Master Thespian’s A Christmas Carol isn’t the same old Scrooge-eventually-sees-the-light storyline familiar to many passersby.
Mark Lerman knows he has a lot of competition. The western end of Duke of Gloucester Street during the holidays is a dazzling display of lights and decorations.
“There are even really great dogs competing for attention,” he said.
Judging from the sizable crowds that pause to enjoy Virginia Theatre Machine, though, it’s Lerman’s eccentric spectacle that steals the show.
Virginia Theatre Machine is the vehicle—a foldable, one-ton, tow-behind trailer—that actor Ed Whitacre, Lerman and a small, behind-the-scenes crew use to stage a comedic twist on a Charles Dickens classic.
Master Thespian’s A Christmas Carol isn’t the same old Scrooge-eventually-sees-the-light storyline familiar to many passersby. Whitacre’s character is on an ever-doomed quest to act out A Christmas Carol in 30 minutes or less. Lerman, an adjunct professor of theater at William & Mary, rewrites the play every year so that some new wrinkle foils those plans.
The changing storyline is one of the reasons many locals return to see this year-after-year, according to Bob Evans, a Queens Lake resident. Evans, his wife Nancy Feigenbaum, and their daughters, now young adults, have seen the production since Lerman began putting it on a decade ago.
Lerman’s wit and whimsy appeals to a many people “in terms of age, but also in terms of what tickles their funny bone,” Evans said. The script mingles slapstick humor with subtle references to eclectic topics ranging from pop culture to great literature.
That popularity occasionally throws a curveball onstage. Front-of-the-crowd kids sometimes try to talk to the performers. Mishaps at nearby Liberty’s Ice Pavilion bring lights and sirens. Lerman said that acknowledging and adapting to interruptions has become second nature. “We’re scripted, but street theatre always has a degree of improvisation,” he said.
Weather, too, sometimes puts a damper on things; Williamsburg’s holiday season is more likely to bring rain than snow.
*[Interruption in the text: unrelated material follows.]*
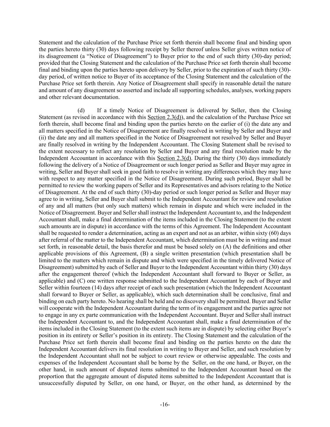 -16- Statement and the calculation of the Purchase Price set forth therein shall become final and binding upon the parties hereto thirty (30) days following receipt by Seller thereof unless Seller gives written notice of its disagreement (a “Notice of Disagreement”) to Buyer prior to the end of such thirty (30)-day period; provided that the Closing Statement and the calculation of the Purchase Price set forth therein shall become final and binding upon the parties hereto upon delivery by Seller, prior to the expiration of such thirty (30)- day period, of written notice to Buyer of its acceptance of the Closing Statement and the calculation of the Purchase Price set forth therein. Any Notice of Disagreement shall specify in reasonable detail the nature and amount of any disagreement so asserted and include all supporting schedules, analyses, working papers and other relevant documentation. (d) If a timely Notice of Disagreement is delivered by Seller, then the Closing Statement (as revised in accordance with this Section 2.3(d)), and the calculation of the Purchase Price set forth therein, shall become final and binding upon the parties hereto on the earlier of (i) the date any and all matters specified in the Notice of Disagreement are finally resolved in writing by Seller and Buyer and (ii) the date any and all matters specified in the Notice of Disagreement not resolved by Seller and Buyer are finally resolved in writing by the Independent Accountant. The Closing Statement shall be revised to the extent necessary to reflect any resolution by Seller and Buyer and any final resolution made by the Independent Accountant in accordance with this Section 2.3(d). During the thirty (30) days immediately following the delivery of a Notice of Disagreement or such longer period as Seller and Buyer may agree in writing, Seller and Buyer shall seek in good faith to resolve in writing any differences which they may have with respect to any matter specified in the Notice of Disagreement. During such period, Buyer shall be permitted to review the working papers of Seller and its Representatives and advisors relating to the Notice of Disagreement. At the end of such thirty (30)-day period or such longer period as Seller and Buyer may agree to in writing, Seller and Buyer shall submit to the Independent Accountant for review and resolution of any and all matters (but only such matters) which remain in dispute and which were included in the Notice of Disagreement. Buyer and Seller shall instruct the Independent Accountant to, and the Independent Accountant shall, make a final determination of the items included in the Closing Statement (to the extent such amounts are in dispute) in accordance with the terms of this Agreement. The Independent Accountant shall be requested to render a determination, acting as an expert and not as an arbiter, within sixty (60) days after referral of the matter to the Independent Accountant, which determination must be in writing and must set forth, in reasonable detail, the basis therefor and must be based solely on (A) the definitions and other applicable provisions of this Agreement, (B) a single written presentation (which presentation shall be limited to the matters which remain in dispute and which were specified in the timely delivered Notice of Disagreement) submitted by each of Seller and Buyer to the Independent Accountant within thirty (30) days after the engagement thereof (which the Independent Accountant shall forward to Buyer or Seller, as applicable) and (C) one written response submitted to the Independent Accountant by each of Buyer and Seller within fourteen (14) days after receipt of each such presentation (which the Independent Accountant shall forward to Buyer or Seller, as applicable), which such determination shall be conclusive, final and binding on each party hereto. No hearing shall be held and no discovery shall be permitted. Buyer and Seller will cooperate with the Independent Accountant during the term of its engagement and the parties agree not to engage in any ex parte communication with the Independent Accountant. Buyer and Seller shall instruct the Independent Accountant to, and the Independent Accountant shall, make a final determination of the items included in the Closing Statement (to the extent such items are in dispute) by selecting either Buyer’s position in its entirety or Seller’s position in its entirety. The Closing Statement and the calculation of the Purchase Price set forth therein shall become final and binding on the parties hereto on the date the Independent Accountant delivers its final resolution in writing to Buyer and Seller, and such resolution by the Independent Accountant shall not be subject to court review or otherwise appealable. The costs and expenses of the Independent Accountant shall be borne by the Seller, on the one hand, or Buyer, on the other hand, in such amount of disputed items submitted to the Independent Accountant based on the proportion that the aggregate amount of disputed items submitted to the Independent Accountant that is unsuccessfully disputed by Seller, on one hand, or Buyer, on the other hand, as determined by the
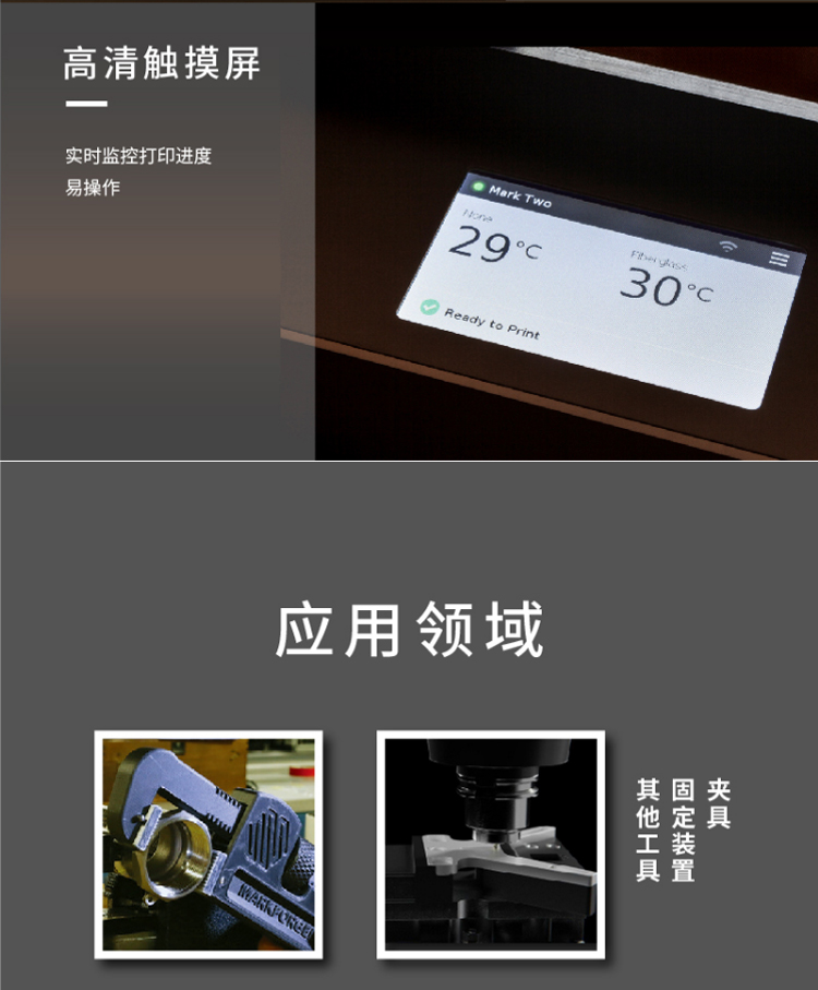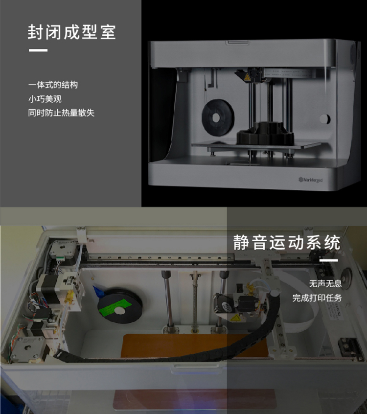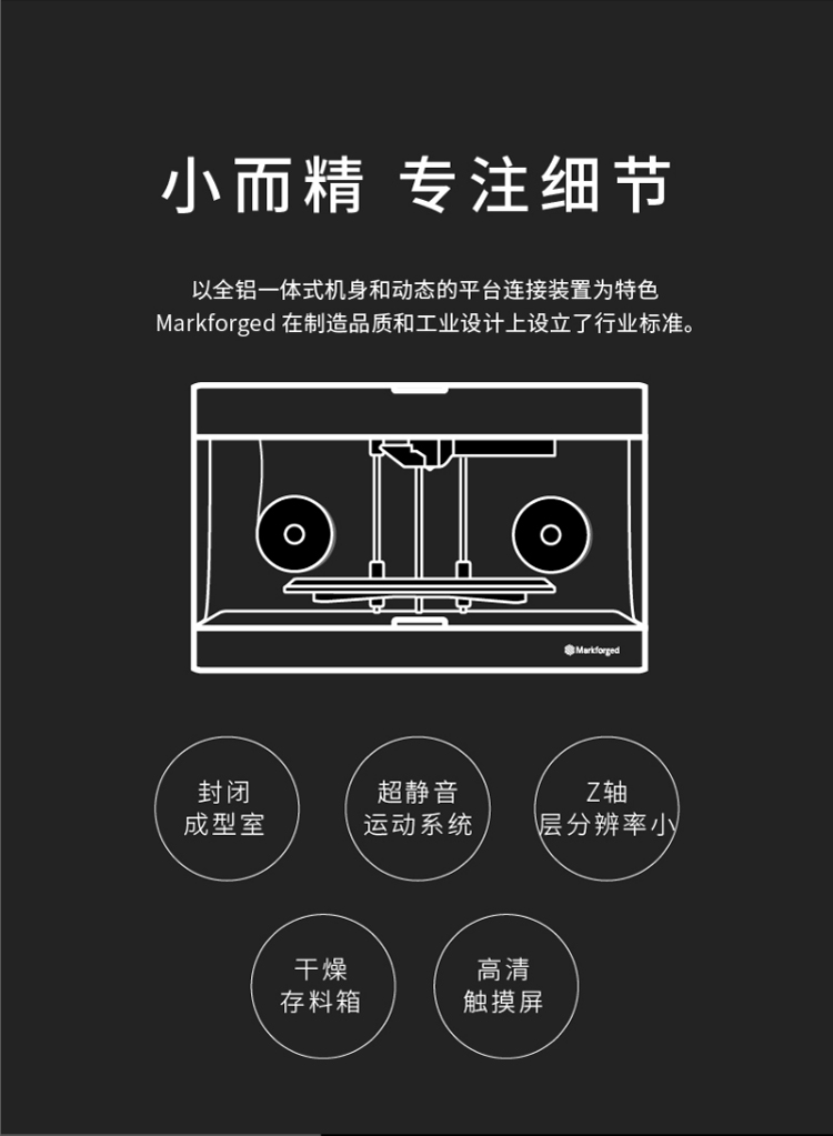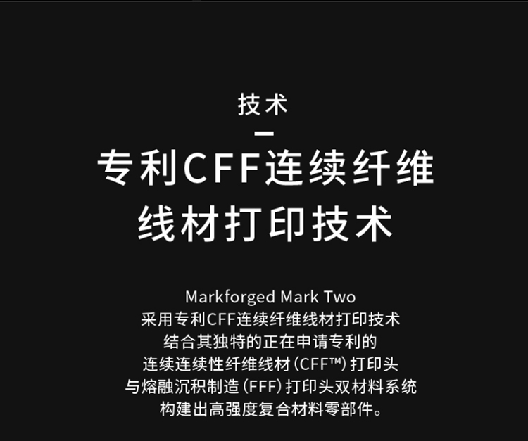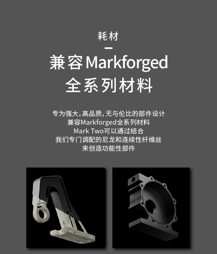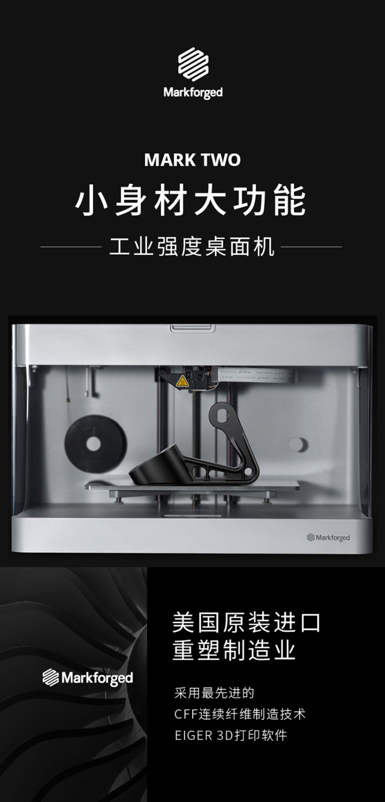 Markforged Mark Two連續碳纖維3D打印機,由美國3D打印技術公司Markforged推出。該打印機采用了Markforged自主研發的獨特技術,可以在同一設備上打印出強度高、精度高、耐熱、耐腐蝕等性能優異的零部件。Markforged Mark Two的打印材料包括了碳纖維、玻璃纖維、金屬、Kevlar等多種材料,可以滿足不同行業的需求。其支持的最大打印尺寸為320mm x 132mm x 154mm,可以打印出大型零部件,提高生產效率。還配備了自動校準和自動切換打印頭等功能,使得打印過程更加簡單和高效。此外,該打印機還支持云端管理和遠程監控,可以隨時隨地掌握打印進度和狀態。

To the audience’s credit, onlookers often stick it out to the end. But Lerman said hope springs eternal; twice in his 10-year run, light snow has fallen, a splendid special effect.
This year, Lerman and his team are performing every weekend from Thanksgiving through Christmas Eve, which falls on a Sunday this year. “Our last performance will be December 24, at 5pm,” he said. “What would be better than a light snowfall then?”
Here’s hoping for a Christmas miracle!
Virginia Theatre Machine’s show times are posted on merchantssquare.org.